*ASSIGNMENT*:
Starting with the line with "Vidám társasjáték-est a fiatalokkal" in the entries below and going on through the line with "Abb. 11. Ein", output every line exactly and nothing more. No pictures.

*DATA UNDER STUDY*:

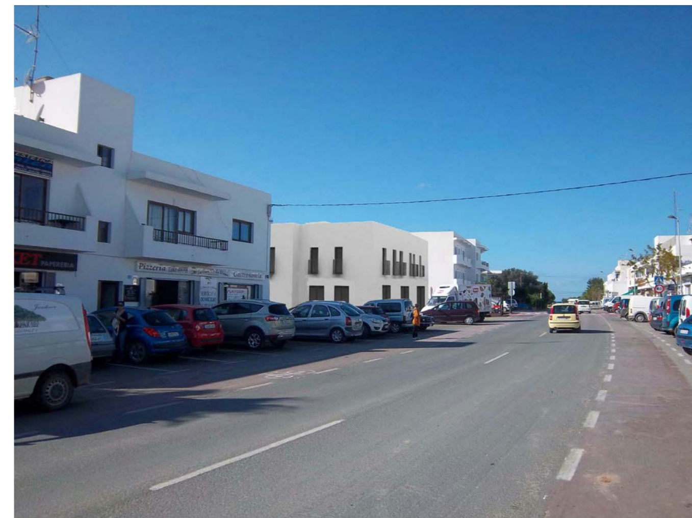
VISTA PROPUESTA, DIRECCIÓN SANT FRANCESC

CUMPLE EL ART. 40 DEL REGLAMENTO DE GESTIÓN URBANÍSTICA Y EL ART. 84 DE LAS NNSS DE FORMENTERA
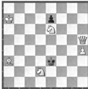
15177 Petrašin Petrašinović Belgrad (SRB)
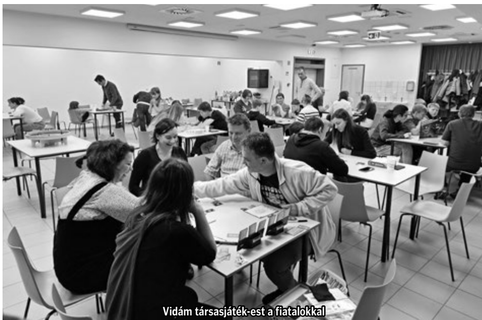
Vidám társasjáték-est a fiatalokkal

Immár harmadik alkalommal rendeztük meg a Társasjátékos Szilvesztert. Este 18.00 órakor kezdtünk, s hamar megtelt az iskolások által használt ebédlő. A rendezvény célja,
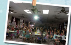
大家超級踴躍的要表現一下

沒想到這次的夏令營竟是我高中畢業前最後一個，但它更是最深刻的一次經驗。這次活動與以往的課程並無不同，但因為參與同學的不同和報名的孩子不一樣，以及令人難以忘懷的艱辛過程而讓這次的夏令營與眾不同。
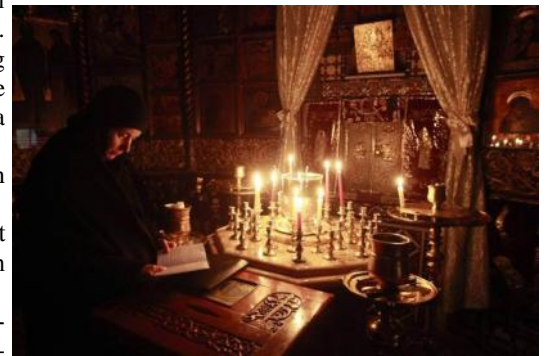
Fra et nonnekloster.

For at forsvare sig er de kristne, som udgør 10 procent af den syriske befolkning, nu begyndt at slutte sig til de væbnede forsvarsstyrker, som med våben fra regeringen gør det muligt for dem at forsvare deres egne områder.
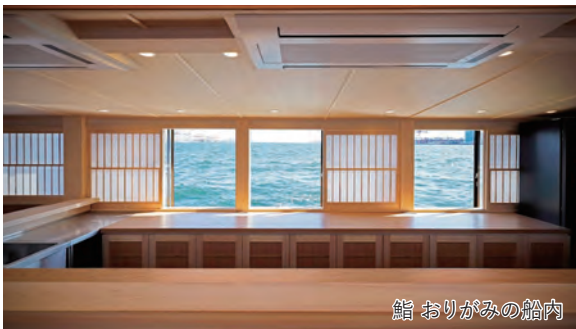
鮨 おりがみの船内
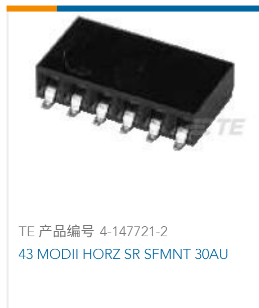
TE 产品编号 4-147721-2 43 MODII HORZ SR SFMNT 30AU
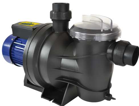
SCHWIMMBADPUMPE POOL-STAR 800 (5 009 001 002)
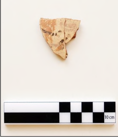
Resim 7. Karadikmen Kalesi Geç Demir Çađ Bitkisel Motifli Keramik
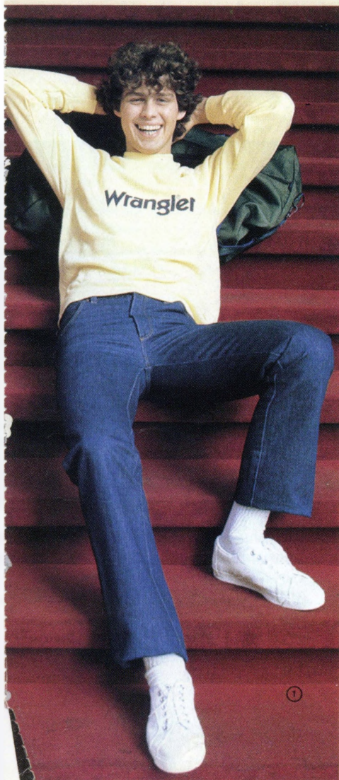
Страница из каталога товаров, продававшихся в «Березке» Каталог в/о «Внешпосылторг». Весна-лето 1982. М., 1982
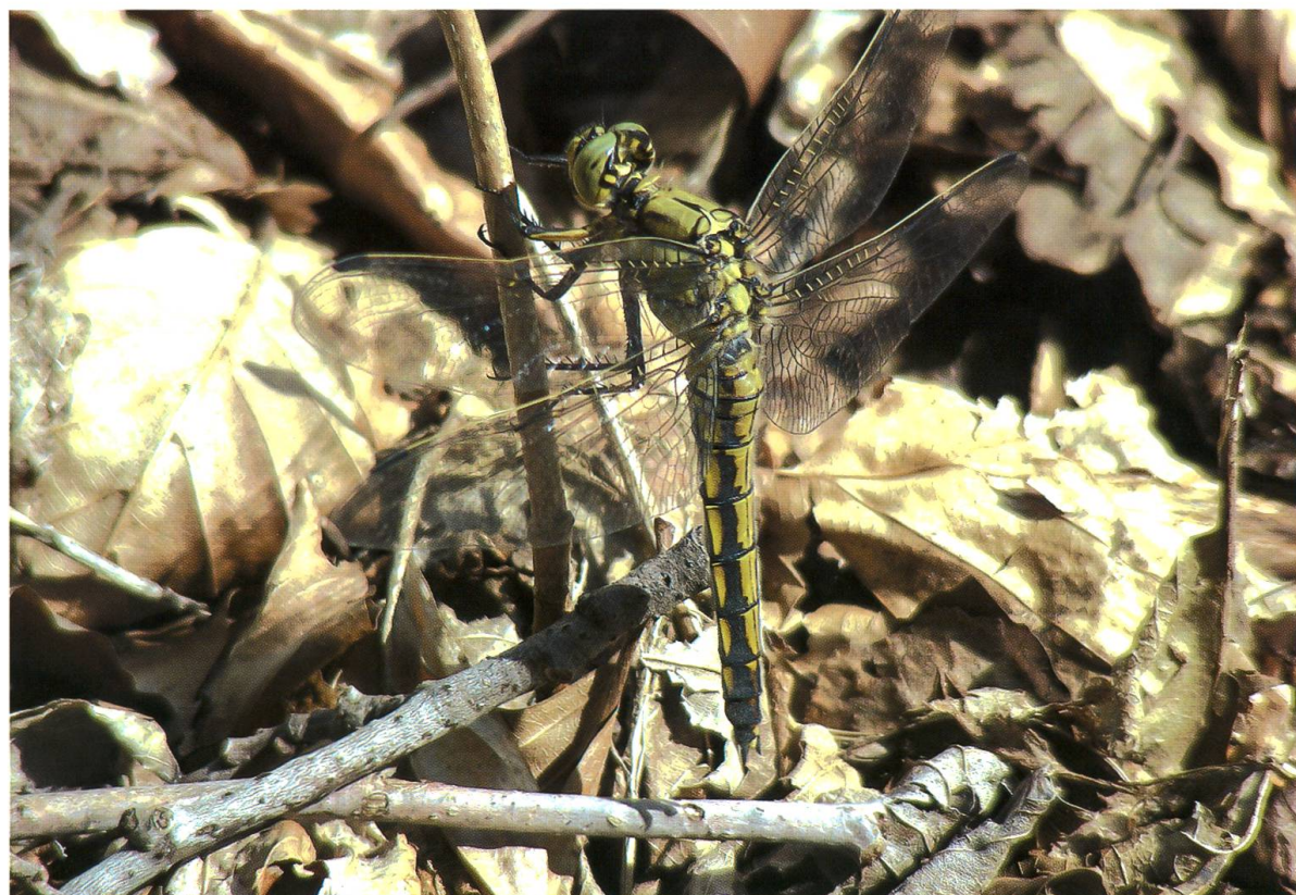
Abb. 11. Ein adultes Weibchen von Orthemtrum cancellatum wärmt sich am aufgelichteten Waldrand von Lichtung A4 über dem Boden auf und benutzt ein vertikales Sitzsubstrat. 26.VI.2007.

Aeshna cyanea konnte sich zwar in der Hälfte aller Lichtungen – in Moorgräben – auch entwickeln, wurde aber eher selten auf den offenen Wiesenflächen angetroffen. Ihre Reifungs- und Jagdhabitate lagen in den angrenzenden Wäldern, wo sie auf typische Art in Schneisen, über Waldwegen oder an lichten Stellen Nahrung suchten (vgl. auch Kaiser 1974, Peters 1987: 75). Im Gegensatz zu A. cyanea hatte A. grandis in keiner der Lichtungen Entwicklungsmöglichkeiten. Die im Flug auffällige, bis in 10 m Höhe jagende “Waldlibelle” (Peters 1987: 68) nutzte aber den freien Luftraum von vier der waldumschlossenen Flächen regelmässig zur Nahrungssuche. Robert (1959: 198) beobachtete im Jura nahrungssuchende Einzeltiere oder kleine Schwärme über Waldweiden. Bäume spielen bei beiden Arten eine Rolle als Ruhehabitate (z.B. Robert 1959: 188, Sternberg & Buchwald 2000: 62).
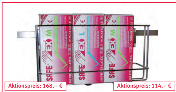
Aktionspreis: 168,- € Aktionspreis: 114,- € Halter für 3 Handschuhkartons mit zwei Schienenhaltern Art.-Nr.: 10 30 712
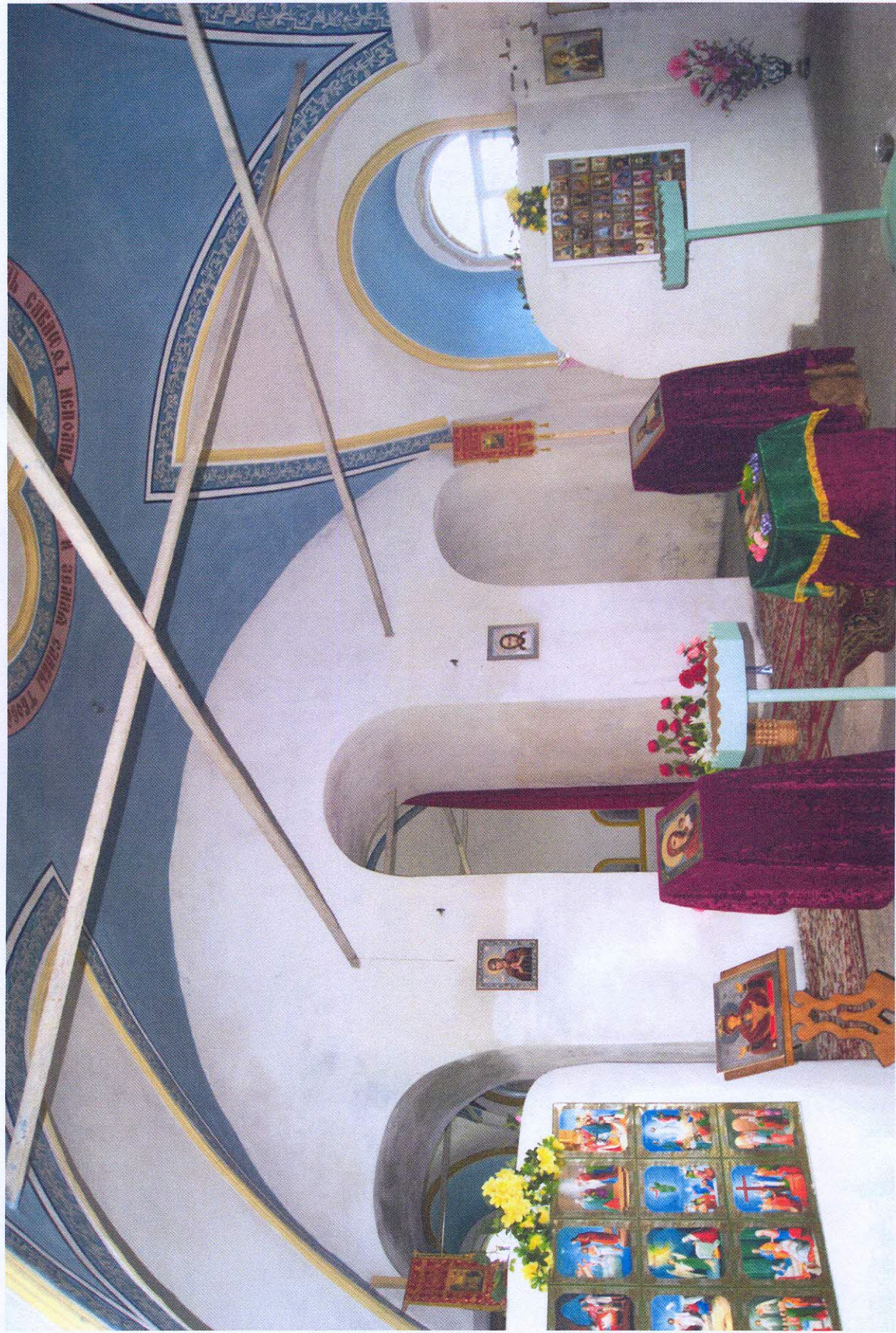
Фото 5. «Сласская церковь, 1776 г.», Кировская область, Кирово-Челецкий район, с. Вяз.

*EXERCISE RESULT*:
Vidám társasjáték-est a fiatalokkal

Immár harmadik alkalommal rendeztük meg a Társasjátékos Szilvesztert. Este 18.00 órakor kezdtünk, s hamar megtelt az iskolások által használt ebédlő. A rendezvény célja,
大家超級踴躍的要表現一下

沒想到這次的夏令營竟是我高中畢業前最後一個，但它更是最深刻的一次經驗。這次活動與以往的課程並無不同，但因為參與同學的不同和報名的孩子不一樣，以及令人難以忘懷的艱辛過程而讓這次的夏令營與眾不同。
Fra et nonnekloster.

For at forsvare sig er de kristne, som udgør 10 procent af den syriske befolkning, nu begyndt at slutte sig til de væbnede forsvarsstyrker, som med våben fra regeringen gør det muligt for dem at forsvare deres egne områder.
鮨 おりがみの船内
TE 产品编号 4-147721-2 43 MODII HORZ SR SFMNT 30AU
SCHWIMMBADPUMPE POOL-STAR 800 (5 009 001 002)
Resim 7. Karadikmen Kalesi Geç Demir Çađ Bitkisel Motifli Keramik
Страница из каталога товаров, продававшихся в «Березке» Каталог в/о «Внешпосылторг». Весна-лето 1982. М., 1982
Abb. 11. Ein adultes Weibchen von Orthemtrum cancellatum wärmt sich am aufgelichteten Waldrand von Lichtung A4 über dem Boden auf und benutzt ein vertikales Sitzsubstrat. 26.VI.2007.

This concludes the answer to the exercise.